Moreover, embodiments may provide a new gate stack including a metal gate and high-k dielectrics configured in a layered structure, which may enhance device performance.

It will be apparent to those skilled in the art that various modifications and variations may be made to embodiments. Thus, it is intended that embodiments cover modifications and variations thereof within the scope of the appended claims. It is also understood that when a layer is referred to as being “on” or “over” another layer or substrate, it may be directly on the other layer or substrate, or intervening layers may also be present.

Claims

1. A method, comprising:

forming a first gate insulating layer over a semiconductor substrate;

performing a first plasma nitridation to the first gate insulating layer;

forming a second gate insulating layer over the first gate insulating layer;

performing a second plasma nitridation to the second gate insulating layer;

forming a gate electrode metal material over the second gate insulating layer; and

forming a metal gate electrode pattern by etching the gate electrode metal material, the second gate insulating layer, and the first gate insulating layer.

2. The method of claim 1, wherein the first gate insulating layer is formed by growing SiO2 on the semiconductor substrate by thermal oxidation.

3. The method of claim 1, wherein the first gate insulating layer is formed to have a thickness of 0˜1 nm.

4. The method of claim 1, wherein the first plasma nitridation is performed with plasma power set to 150˜200 W for 90˜120 seconds.

5. The method of claim 1, wherein the first nitridation is performed with a nitrogen content of 1˜10%.

6. The method of claim 1, wherein the second gate insulating layer is formed by ALD (atomic layer deposition).

7. The method of claim 1, wherein the second gate insulating layer is formed to have a thickness of 2˜3 nm using a high-k dielectric.

8. The method of claim 1, wherein the second gate insulating layer comprises a high-k dielectric belonging to HfSiOx series.

9. The method of claim 8, wherein the second gate insulating layer comprises one of HfSiO, HfSiON, and HfO2.

10. The method of claim 1, wherein the second plasma nitridation is performed with plasma power set to 150˜200 W for 90˜120 seconds.

11. The method of claim 1, wherein the second nitridation is performed with a nitrogen content of 10˜20%.

12. The method of claim 1, wherein the gate electrode metal material, the second gate insulating layer, and the first gate insulating layer are etched in-situ to form the metal gate electrode pattern.

13. The method of claim 1, wherein the gate electrode metal material comprises at least one of HfN, TaN, and TiN.

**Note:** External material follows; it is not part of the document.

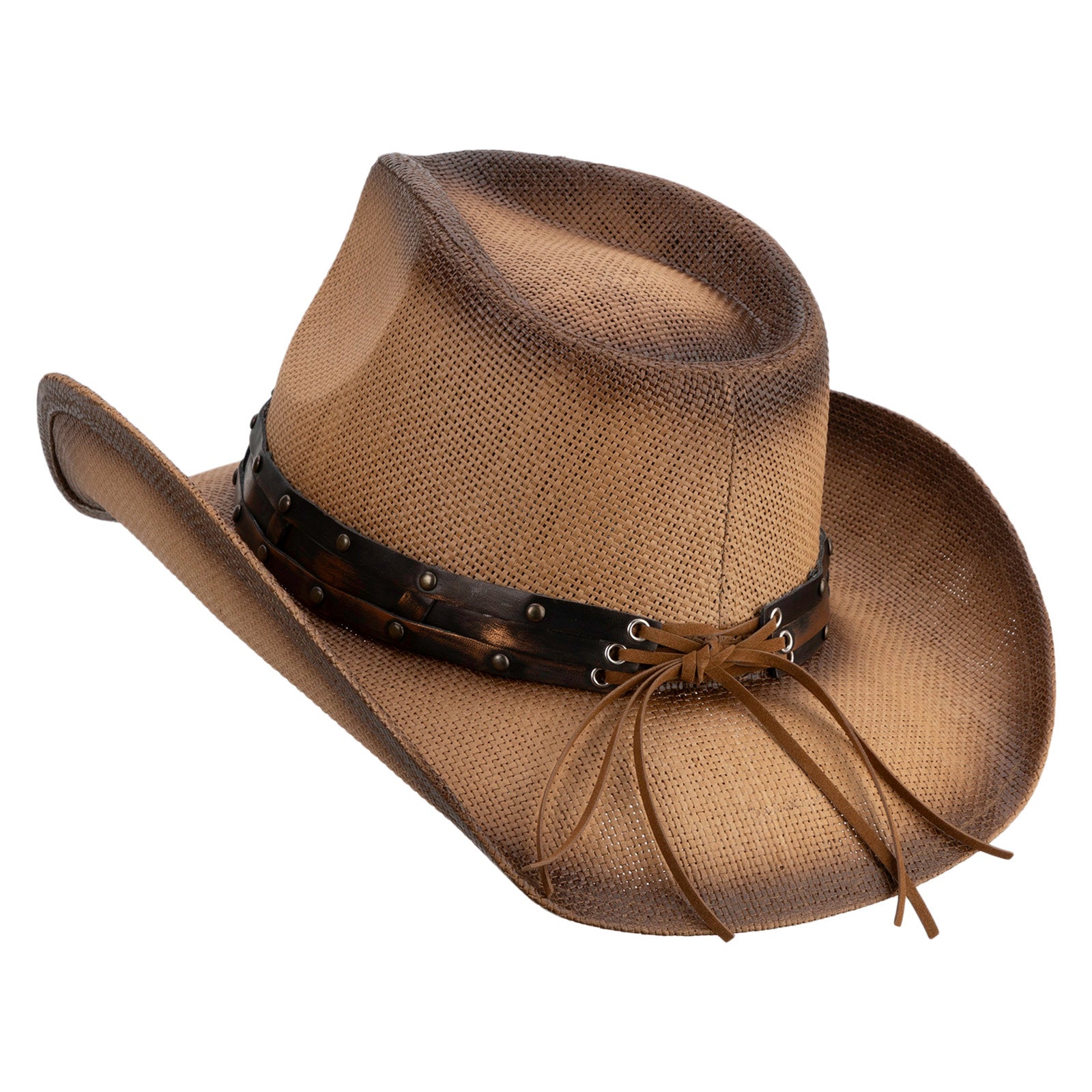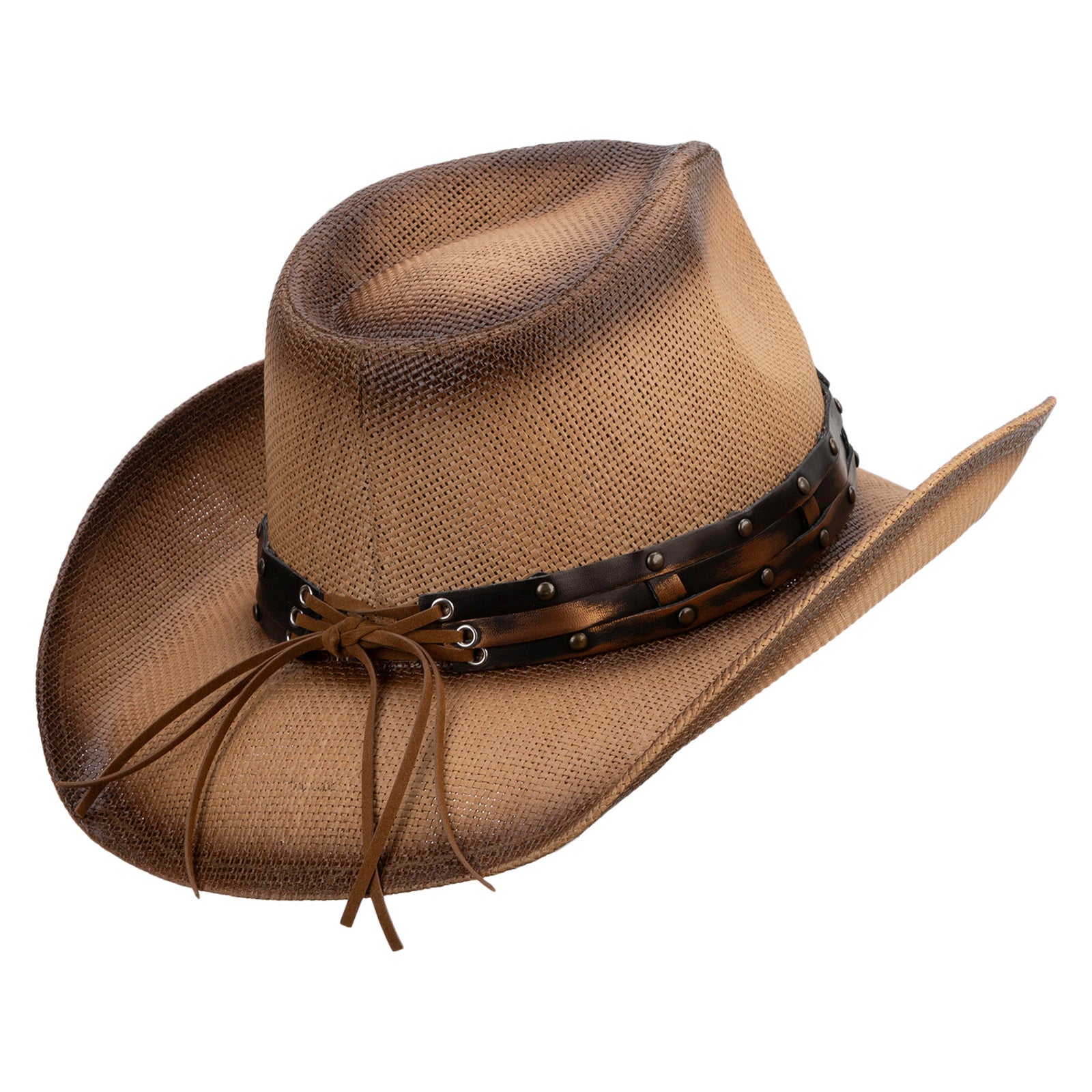 UPF 50+ Natural Straw 3D Sherrif Buckle Cowboy Hat - Brown OSFM

14. The method of claim 1, wherein the gate electrode metal material is formed to have a thickness of 50˜80 nm.

15. A device comprising:

a semiconductor substrate; and

a metal gate electrode pattern including first and second insulating layers having a layered structure over the semiconductor substrate, and a gate electrode metal material formed over the second gate insulating layer.

16. The device of claim 15, wherein each of the first and second gate insulating layers is plasma-nitridated before forming the gate electrode metal.

17. The device of claim 16, wherein the plasma-nitridated first gate insulating layer pattern comprises SiON formed to have a thickness of 0˜1 nm.

18. The device of claim 17, wherein the second gate insulating layer pattern comprises a high-k dielectric belonging to HfSiOx series and wherein the second gate insulating layer pattern is formed to have a thickness of 2˜3 nm.

19. The device of claim 18, wherein the second gate insulating layer pattern comprises one of HfSiO, HfSiON and HfO2.

20. The device of claim 18, wherein the gate electrode metal material comprises at least one of HfN, TaN and TiN, and wherein the gate electrode metal material is formed to have a thickness of 50˜80 nm.